Dr. Laveniya Satgunaseelan graduated MBBS(Hons), BMedSc(Hons) from Monash University, Melbourne, Australia, in 2007. She initially was an accredited neurosurgical resident, after which she made a career change to surgical pathology. Laveniya trained in surgical pathology at Royal Prince Alfred Hospital (RPAH) and Douglass Hanly Moir Pathology, both in Sydney, Australia. During this time, she underwent training in molecular pathology, melanoma pathology and neuropathology. After gaining Fellowship of the Royal College of Pathologists of Australasia (RCPA) in 2018, Laveniya spent a year working in general surgical pathology, with subspecialty practice in head and neck pathology, at RPAH, one of the largest tertiary cancer referral centers in Australia. She then moved to the molecular service at the Department of Neuropathology at RPAH, which caters to the east coast of Australia and New Zealand. Laveniya also serves on the Cancer Scientific Advisory Committee of the RCPA, whose aim is to ensure quality and precision in cancer services in Australasia. She is currently undertaking a PhD at the University of Sydney in the genomic landscape of tongue cancer in young female patients. She is also an active member of the ClinGen Somatic Cancer Working Group and its Pediatric Cancer Taskforce, and is the current co-chair of the Histone H3 Somatic Cancer Variant Curation Expert Panel (SC-VCEP). Laveniya is passionate about equity of access to cancer genomic services.

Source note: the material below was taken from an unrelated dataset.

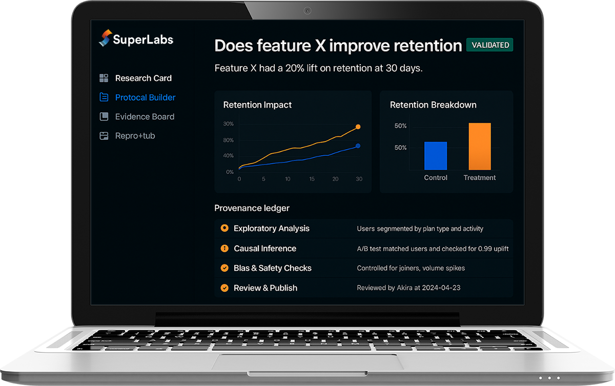 SuperLabs turns messy data into traceable, bias-checked results with explicit epistemic status, ready to ship to your tools.

Laveniya Satgunaseelan, Maggie Lee, Grace Wei, Shalima Nair
Royal Prince Alfred Hospital, Sydney, NSW, Australia
While genomic data has revolutionized brain tumor diagnostics in the past decade, methylation profiling has emerged as a valuable classification tool. Methylation profiling is increasingly being shown to be a compelling diagnostic adjunct in pediatric brain tumors. We therefore sought to delineate its most useful indications in diagnostically challenging adult tumors, in combination with current genomic classification parameters. Here we detail our initial experience at a national tertiary referral centre for neuro-oncology diagnostics in Australia. To date, we have profiled 80 such cases using Illumina MethylationEPIC arrays, with DNA extracted from formalin fixed paraffin embedded tissue. Methylation data was analysed using the German Cancer Research Centre (DKFZ) Brain Tumor Methylation Classifier (v12.3). 50 tumours had undergone a concomitant next generation sequencing (NGS) targeted glioma gene panel (20 low grade gliomas/glioneuronal tumors; 30 high grade gliomas). Concordance between the histological diagnosis and methylation class result (with recommended calibrated score ?0.84) was observed in 75% of classifiable cases. Of the low grade gliomas (LGGs), 45% of diagnoses were unresolved by NGS. Of these unresolved cases, the diagnosis of 1 case was resolved by methylation profiling (11%). Of the high grade gliomas (HGGs), 57% of diagnoses were unresolved by NGS. By contrast, 65% of unresolved HGG cases were resolved by methylation profiling, largely comprising ependymomas, medulloblastomas and high grade neuroepithelial tumours. Our preliminary results indicate that methylation profiling has an important role in diagnostically challenging, high grade adult brain tumors, particularly where the tumor entity is also found in the pediatric population.